Commercial clinical TPSs currently use a range of dose calculation algorithms. [5] The dose calculation in tissue inhomogeneities is very different from the calculation in water that it is one of the main problems faced in TPS design. [6] Although the influence of inhomogeneities on the primary photon fluence is generally well-predicted, but the dose delivered by scattered radiation is often approximated in a crude way. Most inhomogeneity correction algorithms are accurate for only a limited set of simplified geometries. Several authors have studied these errors. [7],[8],[9],[10] As a result of these studies, large dosimetric errors may occur in clinically relevant situations. [7] Also, dose calculations with these kinds of algorithms, applied to locations like lung, might be clinically unacceptable. [6]

In the past years, the most important activities in TPSs quality assurance were limited to dose calculation verification and some researchers as Westermann et al., in 1984, [11] Rosenow in 1987, [12] and Wittkamper et al., in 1987, [13] presented comparison results of measurement and calculations for some limited geometries.

Over the years, experimental studies have shown that the presence of low-density inhomogeneities in areas such as lungs can lead to a greater than 30% change in the water dose data. The effects of high-density inhomogeneities in areas such as bones are not well- studied, but significant local effects are expected. [14]

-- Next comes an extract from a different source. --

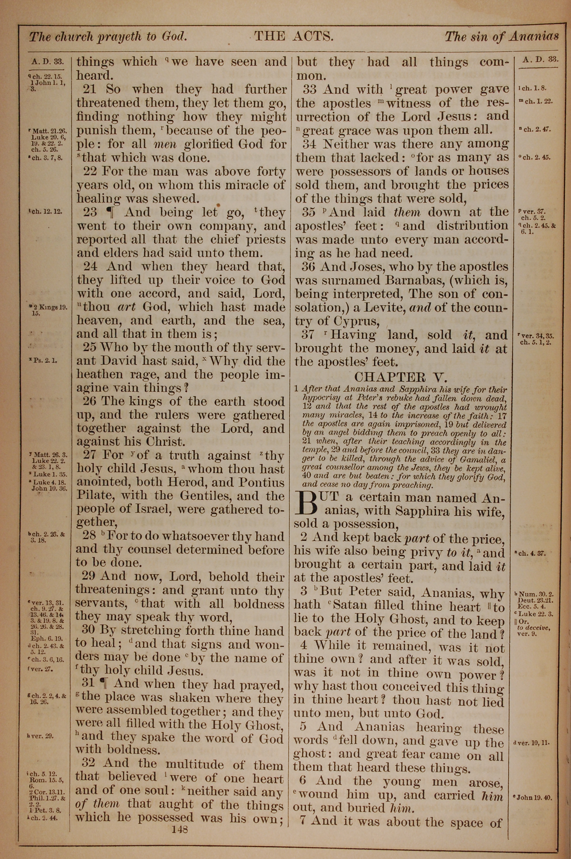 1882年Holy Bible 使徒行传 4 章 21 节到 5 章 7 节

Dose calculation algorithms in TPSs can be broadly classified into measurement-based and model-based approaches. Measurement-based models, such as the Clarkson algorithm, compute dose-based on measurements in water. These models usually correct the homogeneous water distributions to account for treatment aids, patient contours, and tissue inhomogeneities. While, model-based approaches, such as the convolution/superposition (CS) algorithm [15] compute the dose in water or patient from physics principles. [16]

On the subject, there are several documents at international level, as the technical report by International Atomic Energy Agency Technical Reports Series 430 (IAEA TRS 430) [17] which recommended dividing the verifications into benchmark, generic beam, and user's beam data verifications. Other documents from other communities are the American Association of Physicists in Medicine (AAPM) Report 85 [18] and the European Society for Therapeutic Radiology and Oncology (ESTRO) booklet no. 7 [19] The IAEA has developed a set of practical clinical tests for TPSs, based on its TRS 430, to help users verify the dosimetric accuracy of their systems in its TEC-DOC 1583. [20],[21]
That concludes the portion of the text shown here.